_Aim of the exercise_
Below is a listing; repeat exactly the lines from the one containing "CSF1M Acoustic Guitar" to the one containing "Флюїд для рук", both included.

-- Extracted records follows --

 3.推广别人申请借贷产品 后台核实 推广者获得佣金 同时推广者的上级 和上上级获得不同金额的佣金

-- Extracted records concluded --
-- Extracted records follows --

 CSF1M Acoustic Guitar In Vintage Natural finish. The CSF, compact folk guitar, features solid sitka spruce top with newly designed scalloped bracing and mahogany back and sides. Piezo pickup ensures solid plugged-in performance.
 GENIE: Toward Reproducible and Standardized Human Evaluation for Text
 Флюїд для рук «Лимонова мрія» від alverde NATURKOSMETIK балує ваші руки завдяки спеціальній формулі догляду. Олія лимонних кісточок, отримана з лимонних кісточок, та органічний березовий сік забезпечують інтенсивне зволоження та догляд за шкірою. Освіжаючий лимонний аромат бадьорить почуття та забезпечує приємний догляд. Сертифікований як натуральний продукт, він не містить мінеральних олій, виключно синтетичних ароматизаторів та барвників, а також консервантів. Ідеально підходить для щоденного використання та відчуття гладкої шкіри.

-- Extracted records concluded --

_Output of the task_
 CSF1M Acoustic Guitar In Vintage Natural finish. The CSF, compact folk guitar, features solid sitka spruce top with newly designed scalloped bracing and mahogany back and sides. Piezo pickup ensures solid plugged-in performance.
 GENIE: Toward Reproducible and Standardized Human Evaluation for Text
 Флюїд для рук «Лимонова мрія» від alverde NATURKOSMETIK балує ваші руки завдяки спеціальній формулі догляду. Олія лимонних кісточок, отримана з лимонних кісточок, та органічний березовий сік забезпечують інтенсивне зволоження та догляд за шкірою. Освіжаючий лимонний аромат бадьорить почуття та забезпечує приємний догляд. Сертифікований як натуральний продукт, він не містить мінеральних олій, виключно синтетичних ароматизаторів та барвників, а також консервантів. Ідеально підходить для щоденного використання та відчуття гладкої шкіри.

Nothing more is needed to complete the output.